[nanomsg] towards a more robust socket model

From: Drew Crawford <drew@xxxxxxxxxxxxxxxxxx>
To: nanomsg@xxxxxxxxxxxxx
Date: Sun, 16 Nov 2014 01:51:46 -0600

In my time on this project I have observed some disagreements that seem
intractable:

There has been a lot of discussion about implementing
security/encryption/cryptography in nanomsg, going back years
There has been months of discussion and a failed patch regarding #324
<https://github.com/nanomsg/nanomsg/issues/324>, which is a design error that
creates undesirable coupling between certain protocols and transports, and is
an issue that I think has been worked around in some fashion by every 3rd-party
protocol/transport contributor that I know of in various incompatible ways
There is now discussion about transports, whether they are “content aware” or
they are “content dumb”, or “protocol aware” or “protocol dumb” in the context
of opcodes for WS. The issue arises because WS as specified by W3C has
elements of both a nanomsg protocol and a nanomsg transport, but so far has
been implemented as a transport and not as a protocol.

I believe these problems (and maybe others) can be solved by introducing a more
robust software architecture for sockets. However as far as I’m aware nobody
has proffered a particular alternative architecture or explains how it solves
any problem. I would like to proffer such an architecture and explain how it
solves, or substantially improves, all three of these problems.

I am most familiar with the security/encryption problem because I have solved
it. I have worked on this for over a year and my solution is currently
deployed to around 10k users as part of a commercial project. For reasons that
will become clear, my solution so far only works for REQ/REP, and next year I
have a requirement to get it working for at least one other protocol family.
So keep in mind that at the end of the tunnel for this architecture problem is
potentially getting commercially-developed security contributed back to core.

The problem with doing cryptography really reduces to the following situation.
You probably want to enforce message integrity across a complex and
multi-hopped network. This implies injecting some code to sign and verify
messages *near the application layer, above any scalability protocols*.
Meanwhile you want to encrypt and decrypt traffic on a hop-by-hop basis, to
stop an NSA-level adversary from seeing (ciphertext, but identical) packets
moving from hop to hop and thereby deducing who is talking to who. This
implies injecting some code *right above the transport layer*, to handle the
hop-by-hop situation. It turns out it is also useful to inject code in more
places, to handle sessions, and some other crypto-related problems.
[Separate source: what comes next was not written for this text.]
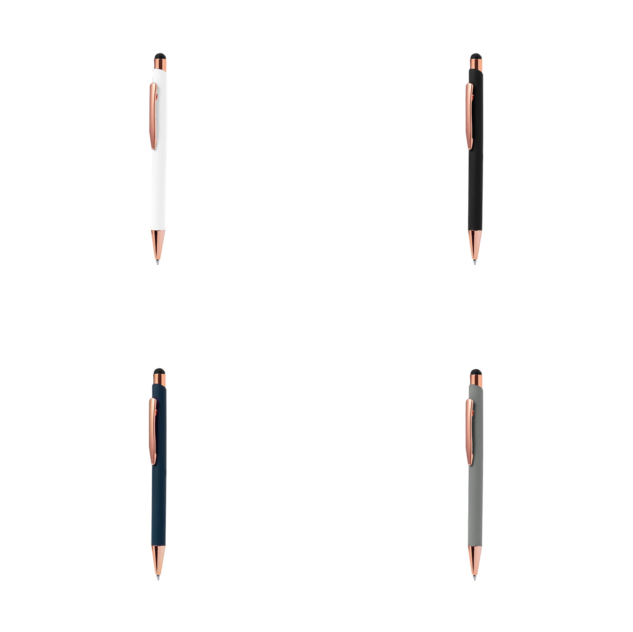 Στυλό αφής από καουτσούκ ειδικά σχεδιασμένο για σήμανση με λέιζερ με ροζ λογότυπο.

However nanomsg sockets have only 2 slots of customization. A protocol, and a
transport. So if your integrity code lives in the protocol slot, and your
hop-by-hop encryption lives in the transport slot, then you have no slots to
specify a scalability protocol nor a transport!

The way I solve this at the moment is a terrible tower of hacks. Some of those
hacks have wandered upstream, for example my work on modular devices is at its
core a way to inject code into more places as a packet traverses a network than
the 2 customization slots that nanomsg recognizes.

What I’d like to propose is instead of having 2 fixed slots, a nanomsg socket
to be composed of a stack of components of arbitrary length. Each component
has its output piped to the input of the next component, like processes in a
Unix shell. We call the bottom-most component which talks to the network a
transport, and we call all other components, that each talk to the next
component in the dataflow, a protocol.

[protocol]->[protocol]->[protocol]->[transport] <———————>
[transport]->[protocol]->[protocol]->[protocol]

socket 1
socket 2

In this way what I am proposing is not a radical departure from the existing
architecture, but rather a generalization of the existing architecture to
sockets with arbitrary numbers of protocols; a way to extend the architecture
to more kinds of sockets than can be realized today. In particular, it’s
backwards compatible; all existing sockets can be represented very naturally in
this architecture, as sockets of length 2 with 1 protocol and 1 transport (or,
in another way, that I propose later in this email).

This architecture solves the security problem in the following way. It allows
me to inject security code at arbitrary places in the network stack such as

[Integrity] -> [Scalability Protocol] -> [Hop-by-hop encryption] ->
[Transport]

where the first and third component would be protocols new to nanomsg, while
the second and fourth components are existing components.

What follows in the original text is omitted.